Step 1: Design the verification plan with meta-prompting
You have a versioned feature pipeline, embedding features, and a production monitoring dashboard. Verifying each piece individually is necessary but not sufficient. The system-level question is whether they work together.
You may not be sure what a comprehensive verification plan looks like for this system. That uncertainty is a directing opportunity. Ask Claude:
I have a versioned feature pipeline with DVC, embedding-based features using sentence-transformers, and a production monitoring dashboard with disaggregated metrics. Help me design a comprehensive verification plan. What should I test to confirm the full system works end-to-end?
AI will generate a verification plan. Read it critically. Does it cover DVC reproducibility? Does it check the embedding train/test boundary? Does it test the monitoring sensitivity to drift? Does it verify the dashboard shows accurate disaggregated metrics? AI's verification plans tend to be biased toward failure modes it recognizes from common patterns -- it may miss context-specific checks that matter for this particular system.
Adjust the plan. Add checks it missed. Remove checks that are redundant. This is meta-prompting: using AI to help design the verification, then evaluating the design with your own judgment.
Step 2: Execute the verification plan
Run every check in the plan.
DVC reproducibility: check out a previous commit, run dvc checkout, confirm the features match exactly. This proves any historical experiment is reproducible.
Embedding boundary: confirm that embeddings were generated on the training set first, then applied to the test set. Check the sample counts -- training and test should be clearly separated.
Monitoring sensitivity: run the monitoring on the production data. Confirm the simulated drift triggers an alert for the 25-34 age group. Confirm the aggregate view does not show the problem. Confirm the disaggregated view does.
Dashboard accuracy: verify that the numbers on the dashboard match the computed values. A dashboard that displays incorrect metrics is worse than no dashboard.
Step 3: Document the versioning strategy
Write documentation for the feature versioning system. This is a communication artifact -- the next person who works on this codebase needs to understand what is tracked, why, and how to reproduce any experiment.
Cover: what DVC tracks (raw data, tabular features, embedding features, model artifacts), how to reproduce a historical experiment (check out the commit, run dvc checkout, run dvc repro), and how the feature store is organized (separate directories for raw, prepared, features, and model).
Step 4: Push to GitHub
Ask Claude to create a README that covers the project: what was built, how to reproduce, what the monitoring tracks, and how to interpret the dashboard. Then push the full project to GitHub.

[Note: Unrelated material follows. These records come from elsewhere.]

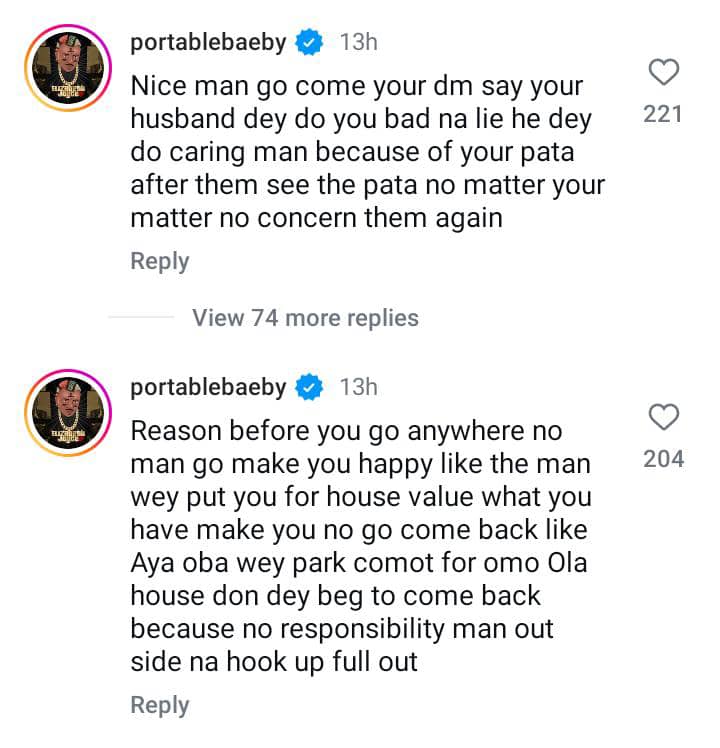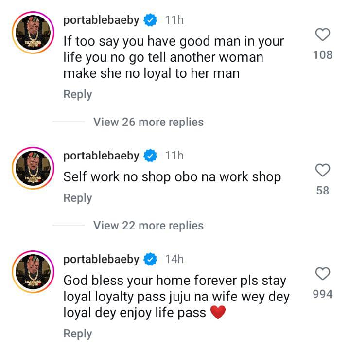 Portable made his remarks under Regina’s recent Instagram post, where she shared stunning photos of herself with the caption: “Even when the table turns, we go still dey chop for the table.”
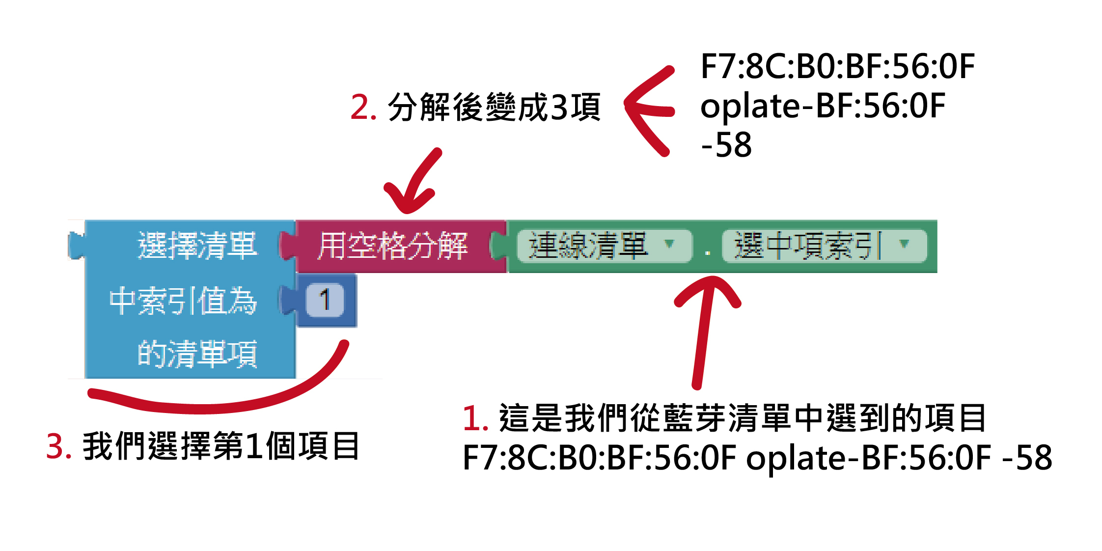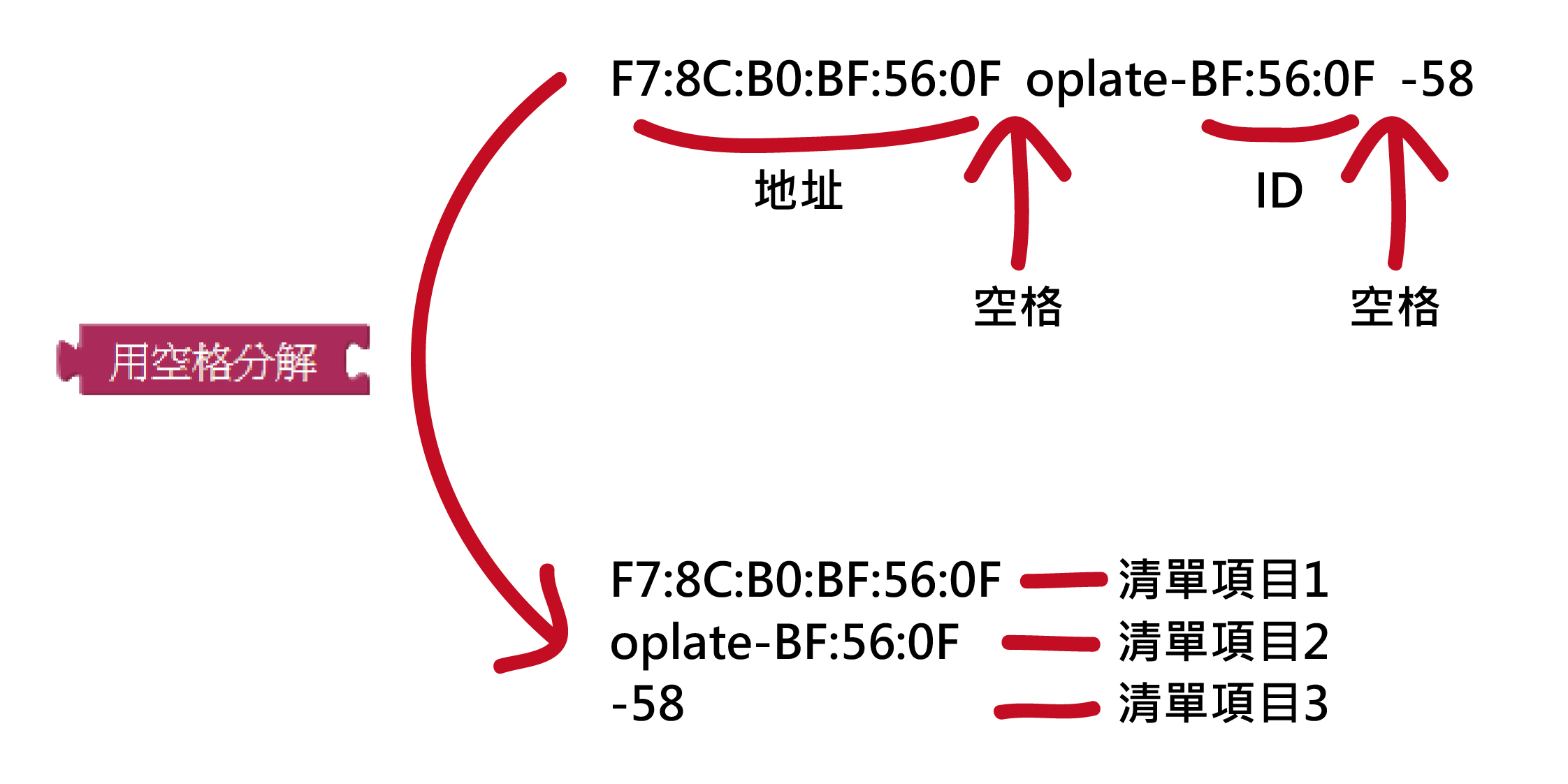 而「內件方塊」中「文字」裡的「用空格分解」程式方塊可以把一串文字用其中的空格去分開,並依序做成一個清單,如圖。
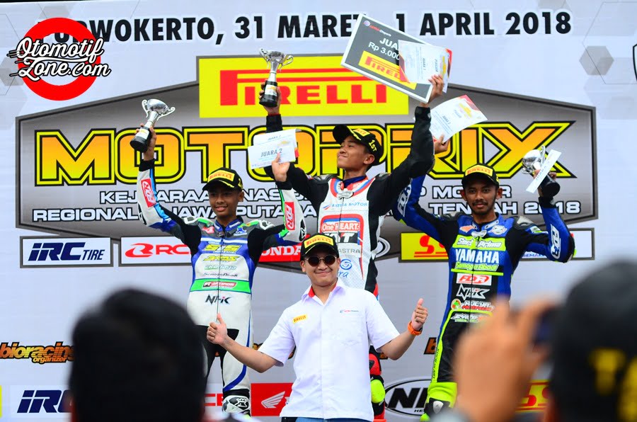 Lanjut pembalap asal Jawa Tengah itu “ Saya memulai balapan dari Grid posisi 2 pada lap awal mas. Saya berada di posisi 2 di belakang Aldiaz Aqsal. Saya mencoba untuk sabar sampai akhirnya saya bisa mengovertakenya di tikungan ke-6. Saya bisa tetap konstan sampai akhir lap dengan menggunakan ban pirelli dengan grip yang kuat dan awet,”
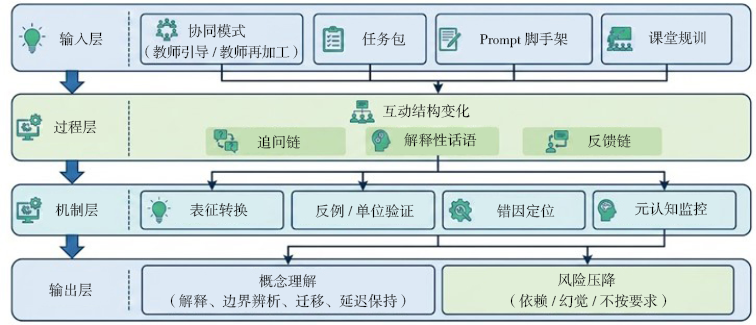 | 课堂规训与治理 | 禁止直要答案;强制验证;证据记录;教师把关 | 压降幻觉/算错/依赖;将错误转为诊断资源 | 使用规范;提交规范;课堂检查清单 |

The README should be specific to this project -- not a generic template. Someone reading it should understand why features are versioned, what the monitoring catches, and how to use the dashboard.
Step 5: Deliver to Max
Present the complete system to Max: a versioned feature pipeline with tabular and embedding features, a recommendation model, and a monitoring dashboard with business-language metrics for his merchandising team.
Max responds with enthusiasm. The recommendations are better. The monitoring gives his team visibility. The versioning means they can trace any recommendation back to the features that produced it.
He has one more thought: "Next project -- we do the visual similarity thing, ja?" Image-based features, deferred from Unit 3. A good sign. The work is done, and the client is already thinking about what comes next.
Check: All verification checks pass: DVC reproduces features exactly, embeddings are generated only on training data, monitoring catches simulated drift with disaggregated metrics, and the README documents the full system.